Liver-related adverse events were more frequent in the IO group. They included increased levels of aspartate aminotransferase, alanine aminotransferase, and bilirubin. Veno-occlusive liver disease (VOD) of any grade occurred in 15 patients (11%) and cases were reported ≤2 years after randomisation. During, or shortly after treatment, five patients were diagnosed with VOD, two of which had undergone a SCT before randomisation. Of the 45 patients of the IO group who underwent a SCT after the trial, 10 patients had VOD, with the procedure being the second transplantation for 3 patients. The median time to the development of VOD after SCT was 16 days. Two treatment-related deaths due to VOD occurred after post-trial transplantation.

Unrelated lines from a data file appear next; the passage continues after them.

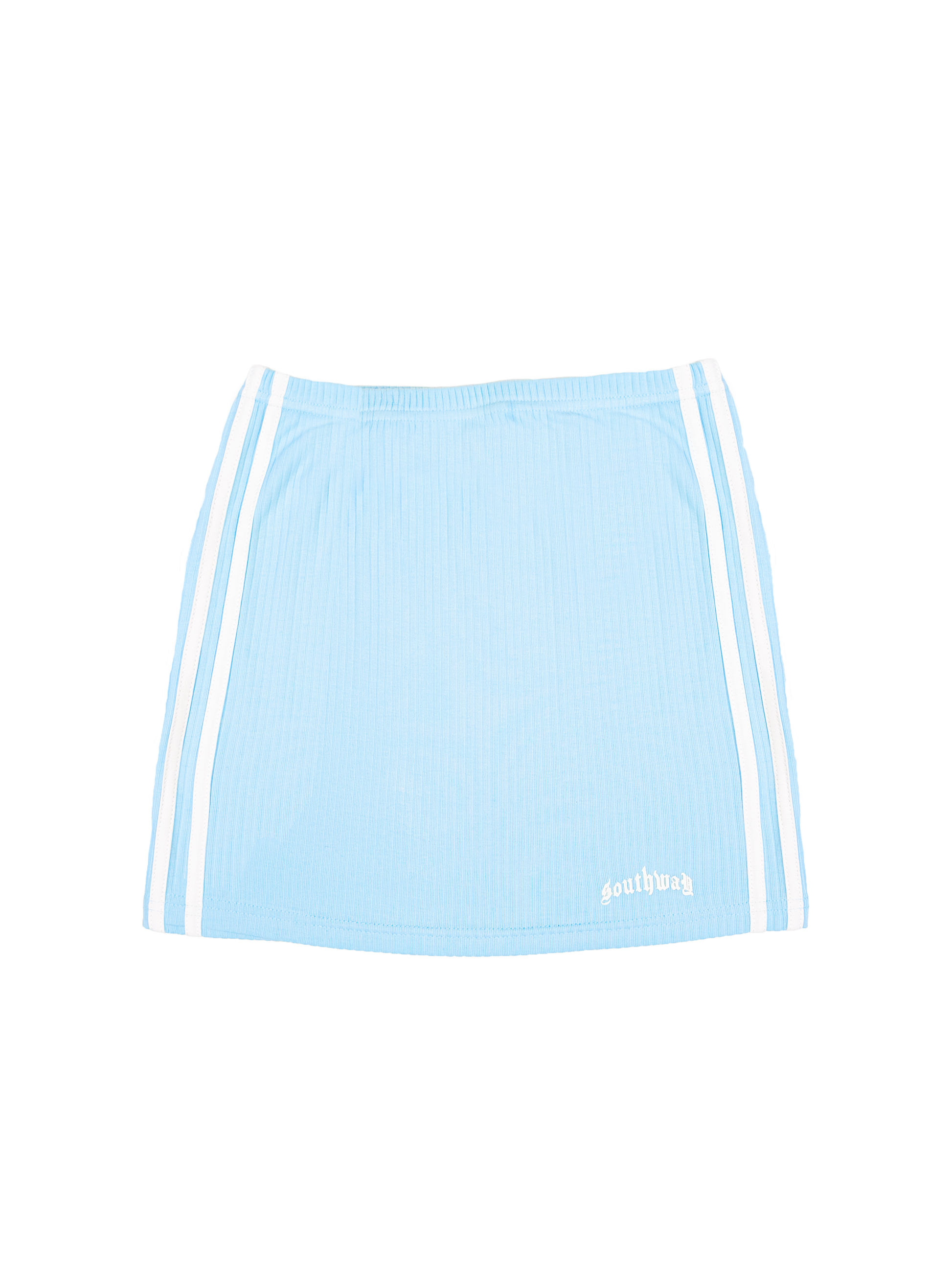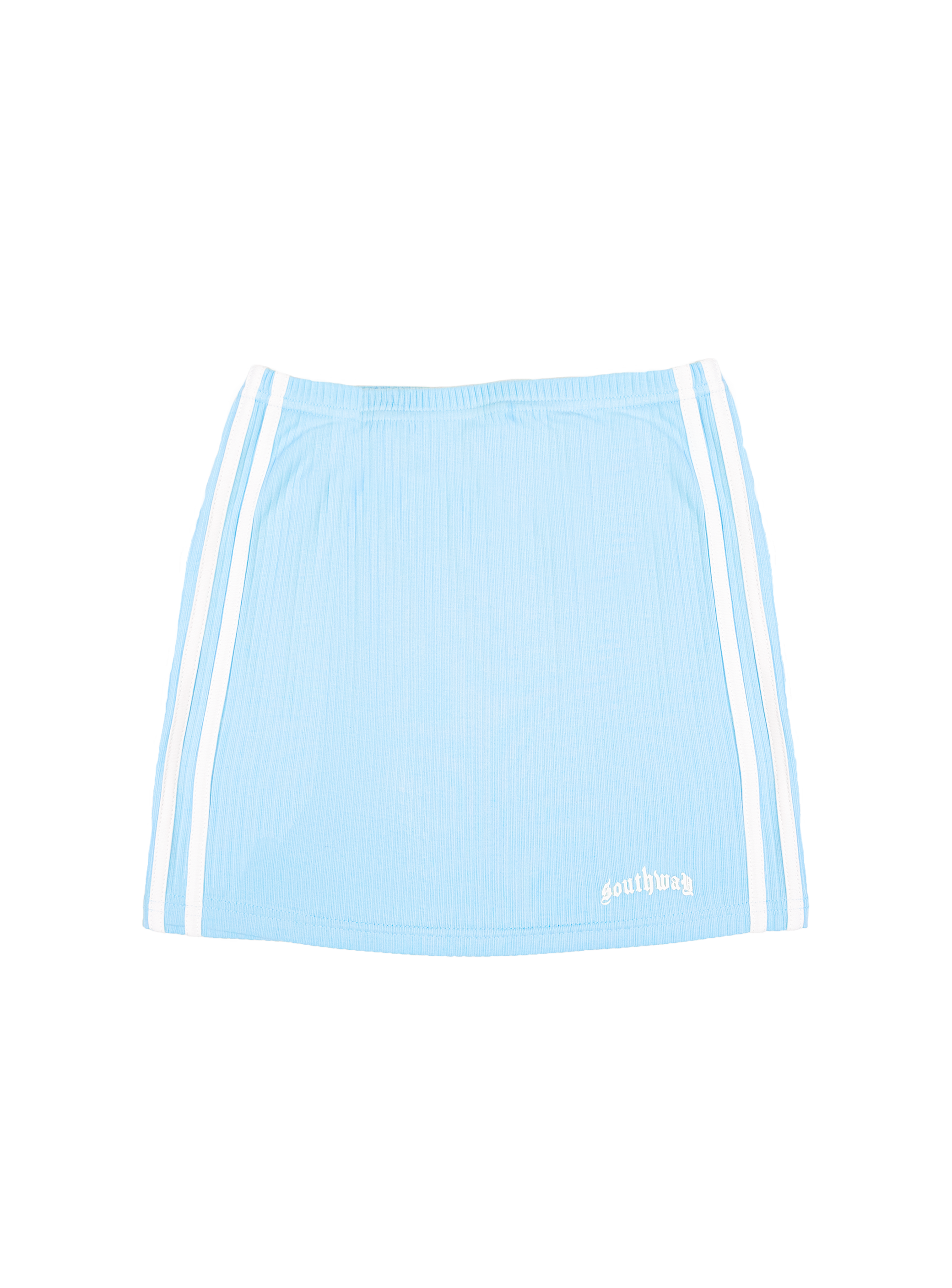 𝗕𝗔𝗕𝗬 𝗕𝗟𝗨𝗘 𝗠𝗜𝗡𝗜 𝗦𝗞𝗜𝗥𝗧 FOR THE GYALDEM. 2 WHITE STRIPES ON THE SIDES. LOGO PRINTED ON THE FRONT AND BACK. RIBBED STRETCH MATERIAL. 𝗠𝗔𝗧𝗘𝗥𝗜𝗔𝗟𝗦 95% COTTON 5% SPANDEX
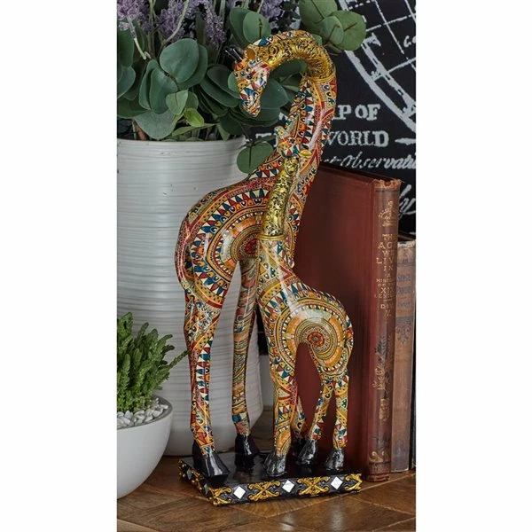 - The unique sculpture features 2 giraffes sporting intricate mosaic patterns from their heads down the base
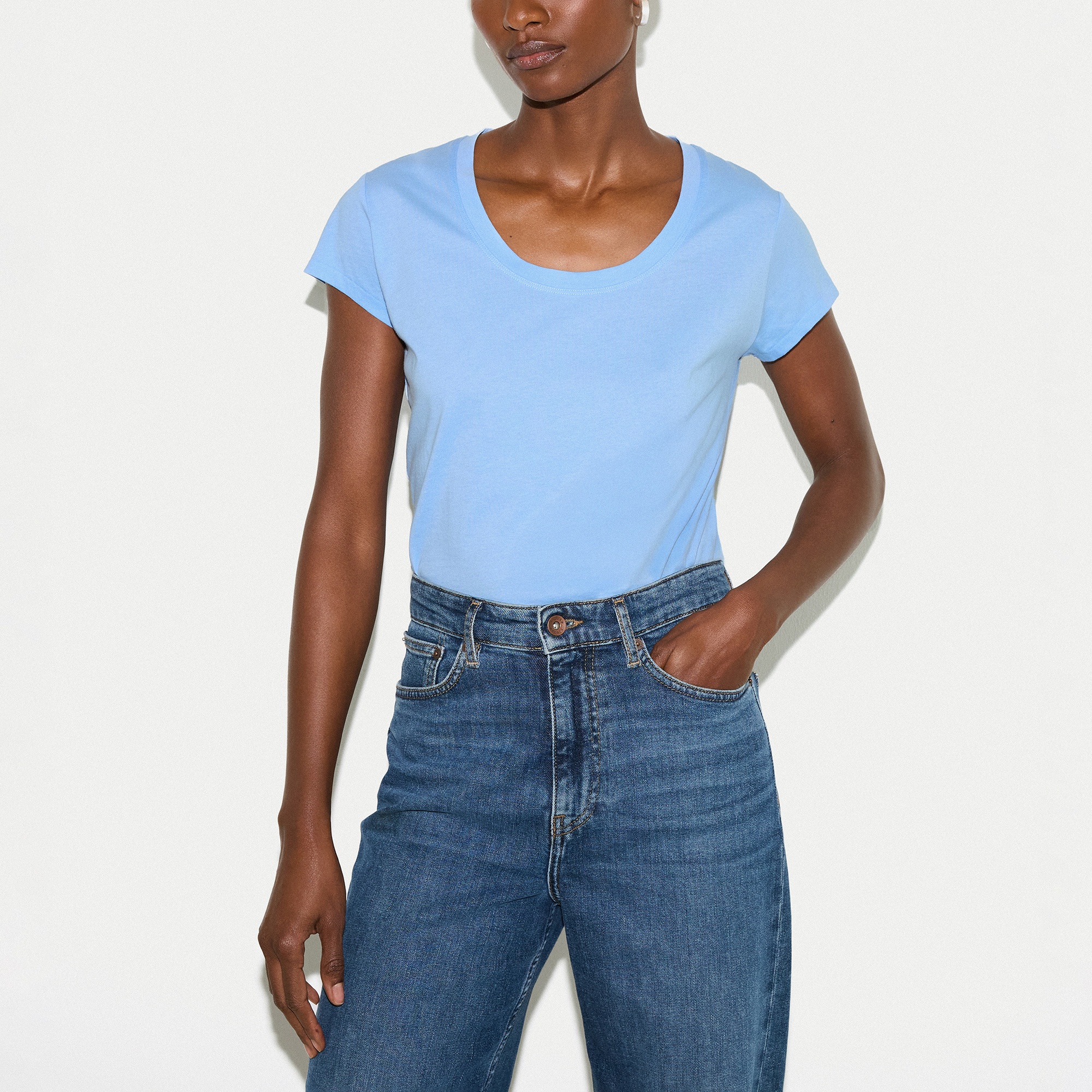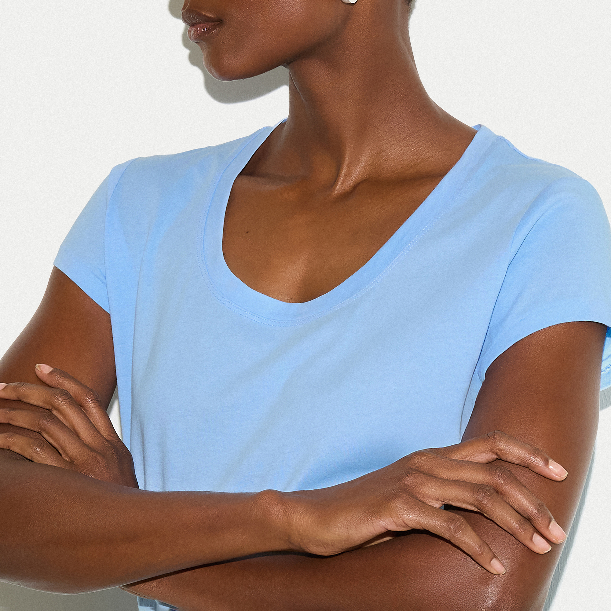 - Supima cotton fabric, soft feel, scoop neckline
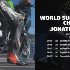 33歳の絶対王者、ジョナサン・レイ選手の輝かしい戦績とともにNinja ZX-25Rへと乗り込む姿が。
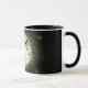 Weiß und Schwarz 11 oz. Combi-Tasse mit einem Lichtbild von Vollmond, einem Rabe, der auf einer Silhouette eines Baumzweiges steht, und Fledermäusen, die im Nachthimmel fliegen. Siehe passende Süßkarre. Sehen Sie die gesamte Halloween-Tasse-Kollektion unter der Kategorie ZUHAUSE in der HOLIDAYS-Sektion.
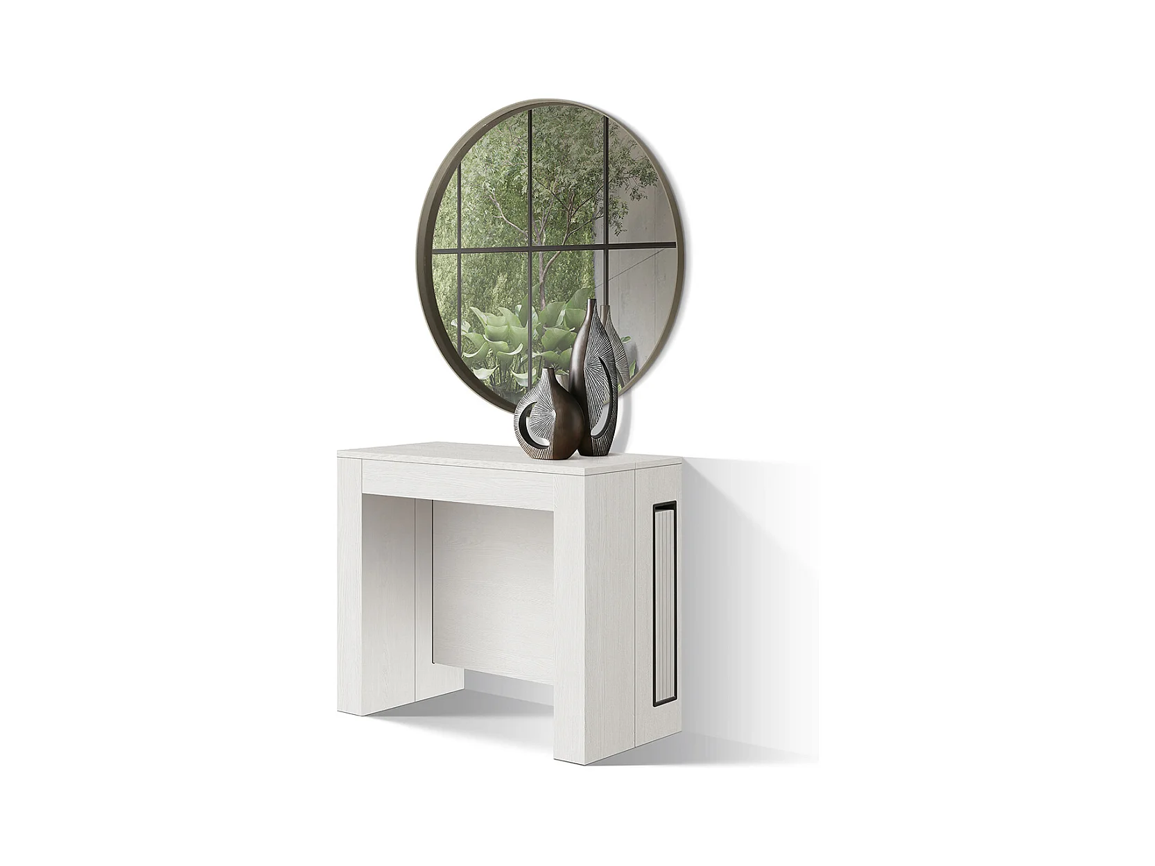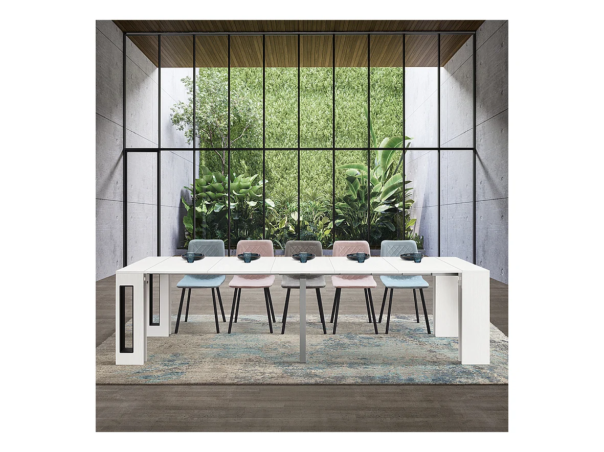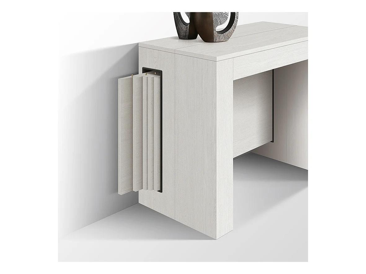 Tavolo Consolle Allungabile con porta prolunghe Paola, Bianco Frassinato, Made in Italy, da 45 a 300 cm

In the standard chemotherapy group no cases of VOD were noticed during treatment and, of the 20 patients who underwent SCT, 1 patient was diagnosed with VOD.42,43
A study to identify prognostic factors in r/r ALL patients receiving IO was performed. By multivariate analysis, a high peripheral blood absolute blast count (>1×109/L) and low platelet count (<100×109/L) was associated with a lower chance to achieve bone marrow CR. Also, baseline features were seen to independently affect survival, including cytogenetics (complex karyotype, translocation [4;11], translocation [9;22], abnormal chromosome 7), disease beyond first salvage therapy, and high peripheral absolute blast count. Based on the three previous features, patients with 0, 1, 2, or 3 adverse factors had a median survival of ≥42, 8.8, 7.1, and 2.6 months, respectively.42
IO is also being tested as a first-line treatment in old patients given the high toxicity related to conventional chemotherapy. There is an ongoing Phase II clinical trial for patients ≥60 years of age with newly diagnosed ALL who receive a combination of low intensity chemotherapy with mini-hyper-CVD, IO, rituximab, and intrathecal chemotherapy.38 Of the 20 patients included, with a median age of 69 years, an overall response rate of 95% has been observed, with 75% CR and 20% C-reactive protein. Progression free survival at 1-year has been 83% and OS 84%. Grade 3–4 non-haematological toxicities included increased liver enzymes and VOD in 1 patient; these are similar adverse effects to those observed in previous studies. These results suggest that combination of low intensity chemotherapy to targeted antibodies in first-line treatment of the elderly may obtain better outcomes than standard therapy.44
The development of immunotherapy will provide additional opportunities of treatment in r/r ALL and other haematological diseases. Rituximab combined with conventional chemotherapy improves the results in survival, and recurrence-free survival. CAR-T cell therapy against CD19 has obtained response rates ≤90% in some series. Blinatumomab and IO have achieved better response rates compared to conventional chemotherapy. Safety in these new drugs has been tested and adverse events are acceptable.
Certainly, much remains to be explored in the field of immunotherapy for patients with ALL. Use of these drugs as treatment is needed to verify results obtained in clinical trials and further studies are needed to examine long-term results. The next steps to be taken should be exploring the results of immunotherapy as first-line treatments (combined with standard chemotherapy or not) and finding new drugs to improve outcomes in T-ALL.